Add coordinate checks and cleanup with pylint

MuckRock · Jun 28, 2024 · 877c87f · 877c87f
1 parent d0499f3
commit 877c87f
Showing 1 changed file with 8 additions and 56 deletions.
diff --git a/main.py b/main.py
@@ -3,11 +3,8 @@
 to perform OCR on documents within DocumentCloud
 """
 import os
-import re
 import sys
 import time
-import requests
-from PIL import Image
 from documentcloud.addon import AddOn
 from documentcloud.exceptions import APIError
 from textractor import Textractor
@@ -22,19 +19,9 @@ def setup_credential_file(self):
         aws_directory = os.path.dirname(credentials_file_path)
         if not os.path.exists(aws_directory):
             os.makedirs(aws_directory)
-        with open(credentials_file_path, "w") as file:
+        with open(credentials_file_path, "w", encoding="utf-8") as file:
             file.write(credentials)
 
-    def download_file(self, url, filename):
-        """Download an file from a URL and save it locally."""

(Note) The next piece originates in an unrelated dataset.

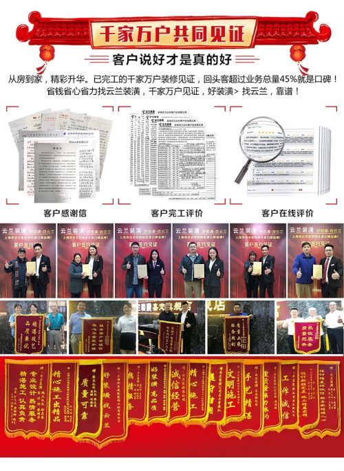 云兰装潢成立18年来,已为超万家上海市民提供了可靠,有保障的家装服务。 正是凭借着装修材料严格杜绝假冒伪劣,自建施工队伍工程不转包不发包质量、品质有保障和汪总直达号亲抓售后服务,很多客户在装修完第一套后得到心仪的装修效果和到位的售后服务,都会把自己的第二套,第三套房子放心地交给了云兰装潢来装修,这也造就了云兰装潢回头客占业务量的45%以上,成为行业内装饰装修回头客口碑品牌。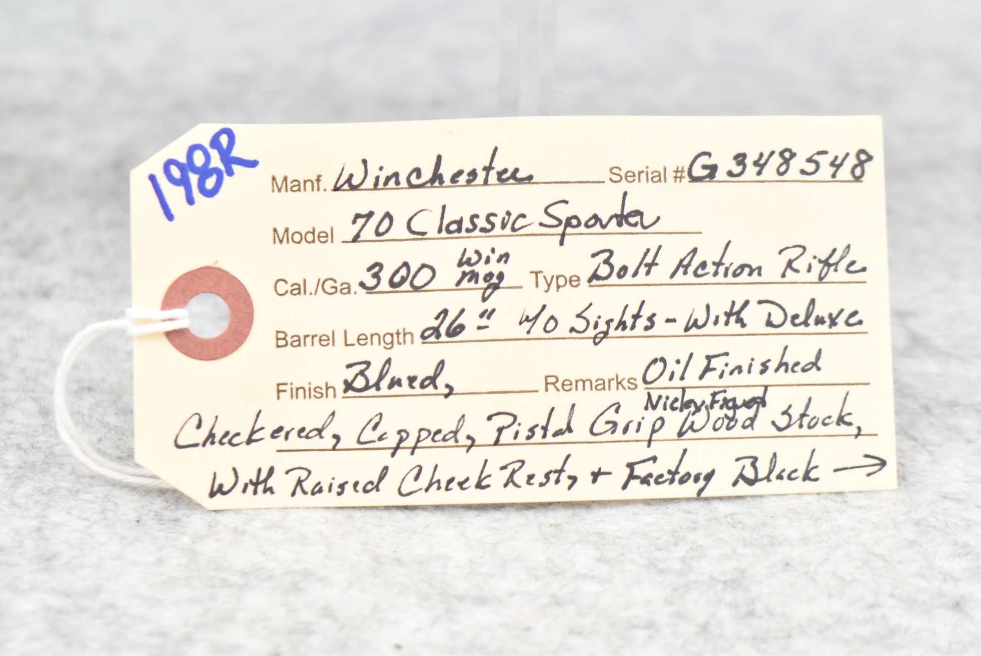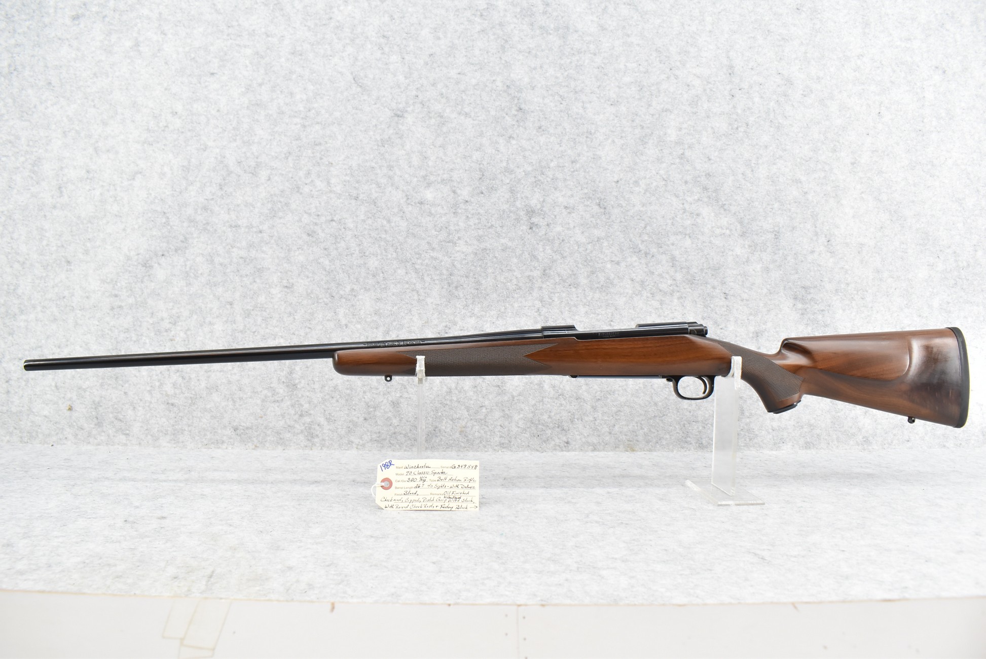 198R. Winchester – Mod. 70 Classic Sporter – 300 Win. Mag. Cal. Bolt Action Rifle – w/26” Barrel – Blued Finish – w/Deluxe Oil Finished Checkered Capped Pistol Grip Nicely Figured Wood Stock w/Raised Cheek Piece w/Factory Butt Pad

-        response = requests.get(url, timeout=20)
-        with open(filename, "wb") as f:
-            f.write(response.content)
-
-    def convert_to_png(self, gif_filename, png_filename):
-        """Convert a GIF image to PNG format."""
-        gif_image = Image.open(gif_filename)

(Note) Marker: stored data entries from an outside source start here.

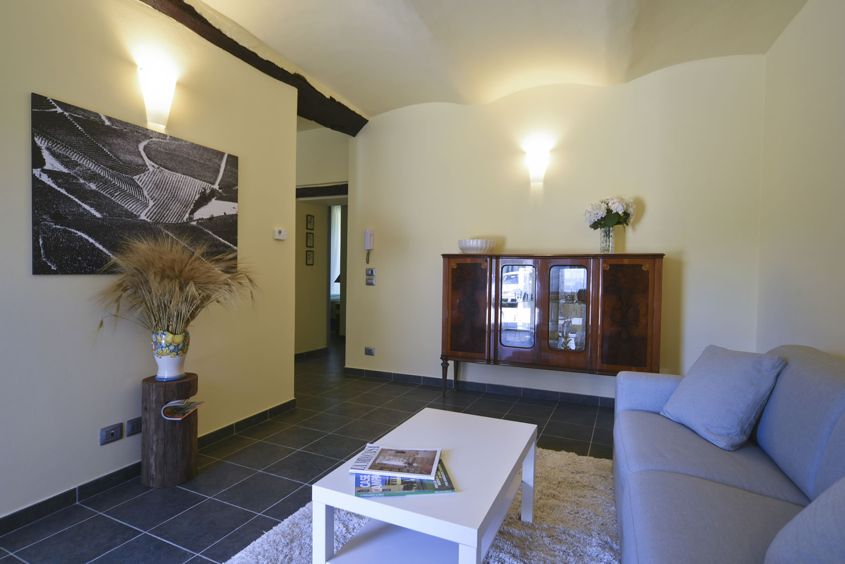 Appartamento da 80 mq, 2 camere da letto + salone + cucina + bagno + area esterna.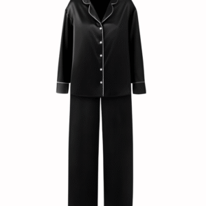 This luxurious and elegant pajama set is crafted from high-quality 19-momme silk. It features a classic yet modern style, accentuated by white piping. The fabric is exceptionally soft, smooth to the touch, and has a subtle natural sheen.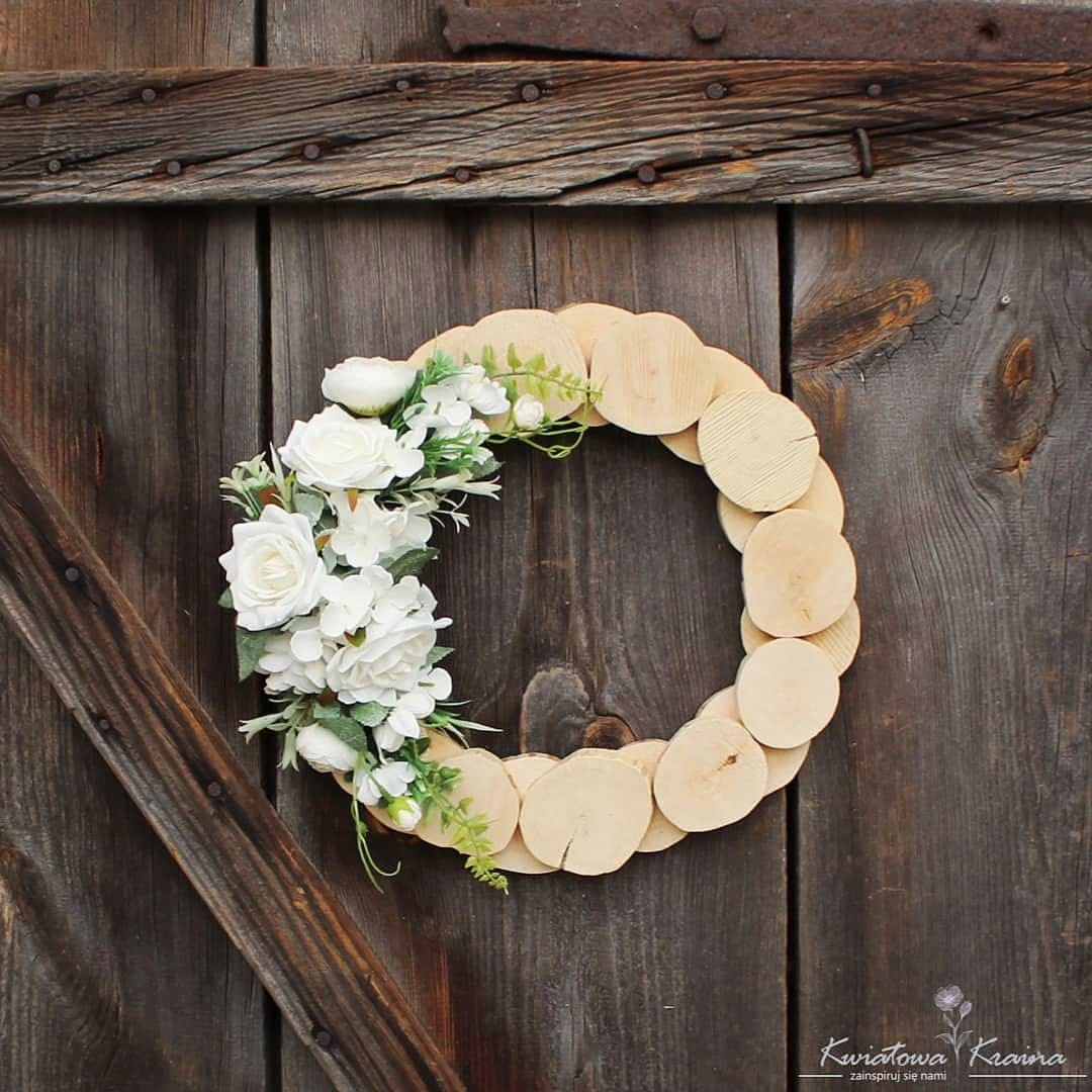 Uroczy wianek z drewnianych talarków z delikatną aplikacją kwiatową w kolorze bieli.

-        gif_image.save(png_filename, "PNG")
     def validate(self):
         """Validate that we can run the OCR"""
         if self.get_document_count() is None:
@@ -63,13 +50,10 @@ def main(self):
         extractor = Textractor(profile_name="default", region_name="us-east-1")
         to_tag = self.data.get("to_tag", False)

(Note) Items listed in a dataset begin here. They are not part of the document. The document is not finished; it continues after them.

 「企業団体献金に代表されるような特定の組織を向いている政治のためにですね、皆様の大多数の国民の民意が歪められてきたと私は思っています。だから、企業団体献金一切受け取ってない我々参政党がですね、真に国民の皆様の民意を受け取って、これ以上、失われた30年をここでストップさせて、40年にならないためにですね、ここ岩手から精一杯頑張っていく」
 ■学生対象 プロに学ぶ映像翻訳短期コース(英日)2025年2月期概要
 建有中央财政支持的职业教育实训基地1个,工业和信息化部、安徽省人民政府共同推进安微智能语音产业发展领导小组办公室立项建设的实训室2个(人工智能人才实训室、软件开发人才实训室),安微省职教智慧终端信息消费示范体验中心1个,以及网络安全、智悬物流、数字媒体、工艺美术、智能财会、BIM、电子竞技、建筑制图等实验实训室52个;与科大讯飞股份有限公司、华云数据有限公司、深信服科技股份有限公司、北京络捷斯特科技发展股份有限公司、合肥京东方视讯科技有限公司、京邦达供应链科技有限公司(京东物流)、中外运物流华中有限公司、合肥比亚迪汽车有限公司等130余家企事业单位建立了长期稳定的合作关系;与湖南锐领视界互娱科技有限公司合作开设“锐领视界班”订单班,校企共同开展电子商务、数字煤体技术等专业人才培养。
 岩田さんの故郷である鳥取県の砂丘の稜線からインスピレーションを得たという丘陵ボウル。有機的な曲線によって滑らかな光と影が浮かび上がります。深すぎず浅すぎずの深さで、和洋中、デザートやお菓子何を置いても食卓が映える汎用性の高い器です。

         for document in self.get_documents():
-            s3_url = document.pdf_url
-            pdf = self.download_file(s3_url, f"{document.slug}.pdf")
-
             document_info = extractor.start_document_text_detection(
                 f"s3://s3.documentcloud.org/documents/{document.id}/{document.slug}.pdf", save_image=False
             )
-            
+
             dc_pages = []
             for page in document_info.pages:
                 dc_page = {
@@ -81,16 +65,16 @@ def main(self):
                 for word in page.words:
                     word_info = {
                         "text": word.text,
-                        "x1": word.bbox.x,
-                        "x2": (word.bbox.x + word.bbox.width),
-                        "y1": word.bbox.y,
-                        "y2": (word.bbox.y + word.bbox.height),
+                        "x1": max(0, min(1, word.bbox.x)),
+                        "x2": max(0, min(1, word.bbox.x + word.bbox.width)),
+                        "y1": max(0, min(1, word.bbox.y)),
+                        "y2": max(0, min(1, word.bbox.y + word.bbox.height)),
                         "confidence": word.confidence,
                     }
                     dc_page["positions"].append(word_info)
                 dc_pages.append(dc_page)
-           
-            page_chunk_size = 50  # Set your desired chunk size
+
+            page_chunk_size = 50 # Set your desired chunk size
             for i in range(0, len(dc_pages), page_chunk_size):
                 chunk = dc_pages[i : i + page_chunk_size]
                 resp = self.client.patch(
@@ -107,37 +91,5 @@ def main(self):
             if to_tag:
                 document.data["ocr_engine"] = "textract"
                 document.save()
-            """pages = []
-            for page in range(1, document.pages + 1):
-                image_data = document.get_large_image(page)
-                gif_filename = f"{document.id}-page{page}.gif"
-                with open(gif_filename, 'wb') as f:
-                    f.write(image_data)
-                png_filename = f"{document.id}-page{page}.png"
-                self.convert_to_png(gif_filename, png_filename)
-                image = Image.open(png_filename)
-                page_info = extractor.detect_document_text(file_source=image)
-
-                # Create dc_page dictionary
-                dc_page = {
-                    "page_number": page-1,
-                    "text": page_info.text,
-                    "ocr": "textract",
-                    "positions": []  # To store word positions
-                }
-                for word in page_info.words:
-                    word_info = {
-                        "text": word.text,
-                        "x1": word.bbox.x,
-                        "x2": (word.bbox.x + word.bbox.width),
-                        "y1": word.bbox.y,
-                        "y2": (word.bbox.y + word.bbox.height),
-                        "confidence": word.confidence,
-                    }
-                    dc_page["positions"].append(word_info)
-                print(dc_page)
-                # Append dc_page to pages list
-                pages.append(dc_page)
-            """
 if __name__ == "__main__":
     Textract().main()